# Data extract

•••

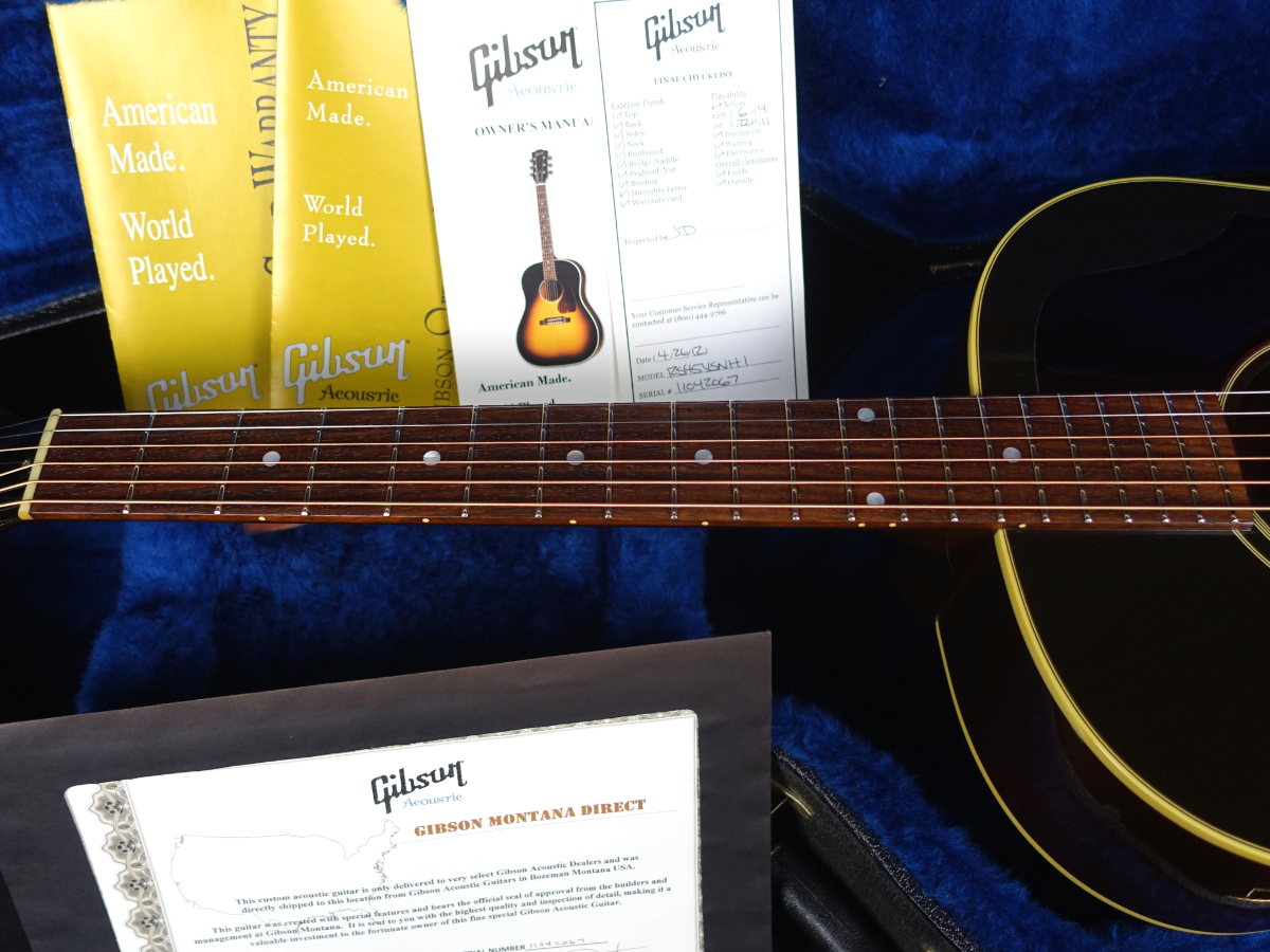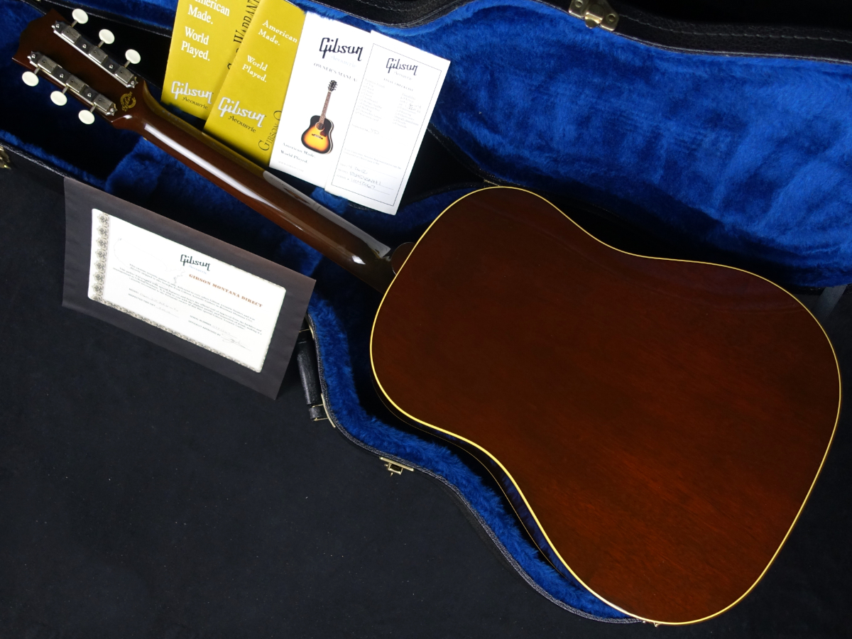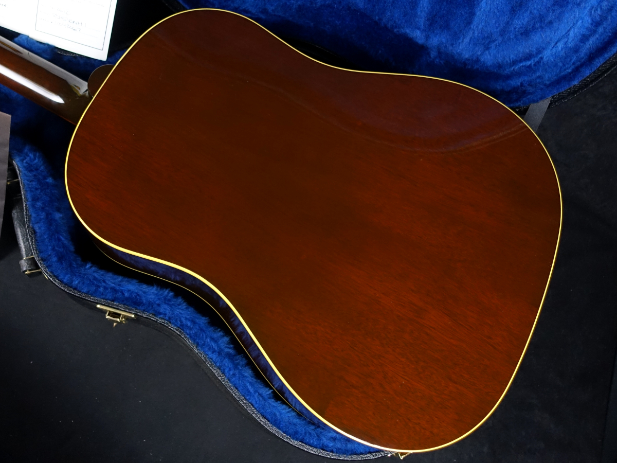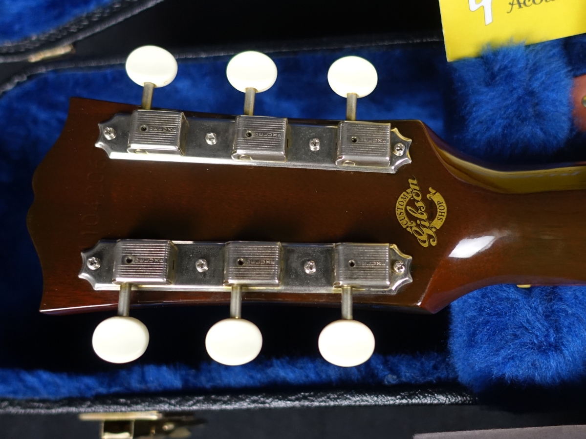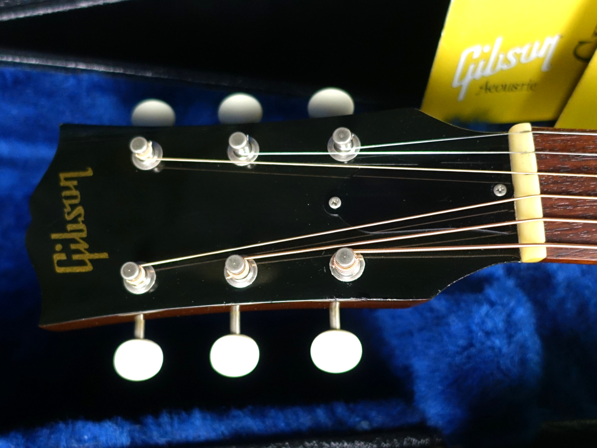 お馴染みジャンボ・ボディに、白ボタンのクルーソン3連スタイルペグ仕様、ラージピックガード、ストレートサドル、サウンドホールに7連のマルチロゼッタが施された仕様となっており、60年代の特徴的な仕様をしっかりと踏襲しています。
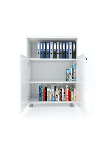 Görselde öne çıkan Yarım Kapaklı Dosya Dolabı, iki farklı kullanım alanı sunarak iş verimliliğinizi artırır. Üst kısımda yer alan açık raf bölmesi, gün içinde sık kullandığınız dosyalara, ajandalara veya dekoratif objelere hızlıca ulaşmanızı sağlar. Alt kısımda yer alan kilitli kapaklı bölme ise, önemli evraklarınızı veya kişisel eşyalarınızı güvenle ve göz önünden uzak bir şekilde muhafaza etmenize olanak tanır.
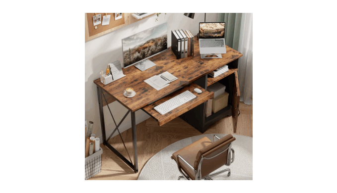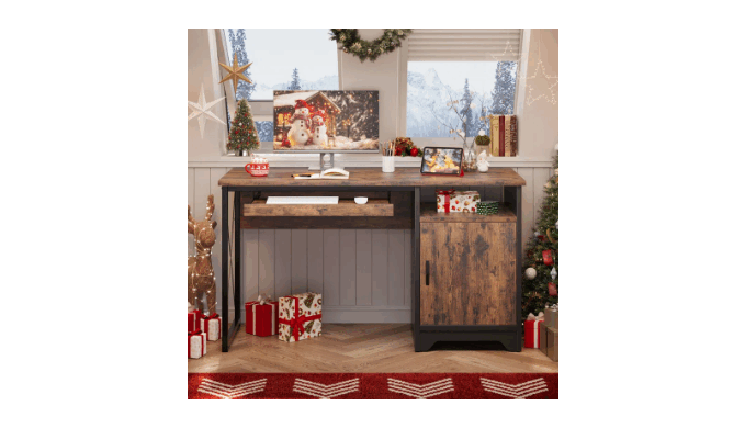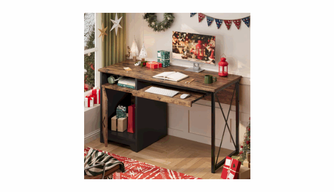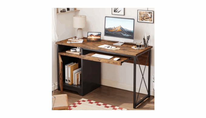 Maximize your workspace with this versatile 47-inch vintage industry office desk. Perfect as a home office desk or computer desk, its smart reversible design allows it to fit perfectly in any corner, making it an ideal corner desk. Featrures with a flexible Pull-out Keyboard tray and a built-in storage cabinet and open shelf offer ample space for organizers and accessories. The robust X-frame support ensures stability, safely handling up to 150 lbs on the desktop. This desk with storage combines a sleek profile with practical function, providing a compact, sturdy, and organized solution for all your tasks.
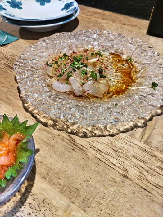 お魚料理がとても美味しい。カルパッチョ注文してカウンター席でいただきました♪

•••

# What to produce
Once the pictures are dropped, please print every remaining line of the material verbatim.

# Result for this task
 お馴染みジャンボ・ボディに、白ボタンのクルーソン3連スタイルペグ仕様、ラージピックガード、ストレートサドル、サウンドホールに7連のマルチロゼッタが施された仕様となっており、60年代の特徴的な仕様をしっかりと踏襲しています。
 Görselde öne çıkan Yarım Kapaklı Dosya Dolabı, iki farklı kullanım alanı sunarak iş verimliliğinizi artırır. Üst kısımda yer alan açık raf bölmesi, gün içinde sık kullandığınız dosyalara, ajandalara veya dekoratif objelere hızlıca ulaşmanızı sağlar. Alt kısımda yer alan kilitli kapaklı bölme ise, önemli evraklarınızı veya kişisel eşyalarınızı güvenle ve göz önünden uzak bir şekilde muhafaza etmenize olanak tanır.
 Maximize your workspace with this versatile 47-inch vintage industry office desk. Perfect as a home office desk or computer desk, its smart reversible design allows it to fit perfectly in any corner, making it an ideal corner desk. Featrures with a flexible Pull-out Keyboard tray and a built-in storage cabinet and open shelf offer ample space for organizers and accessories. The robust X-frame support ensures stability, safely handling up to 150 lbs on the desktop. This desk with storage combines a sleek profile with practical function, providing a compact, sturdy, and organized solution for all your tasks.
 お魚料理がとても美味しい。カルパッチョ注文してカウンター席でいただきました♪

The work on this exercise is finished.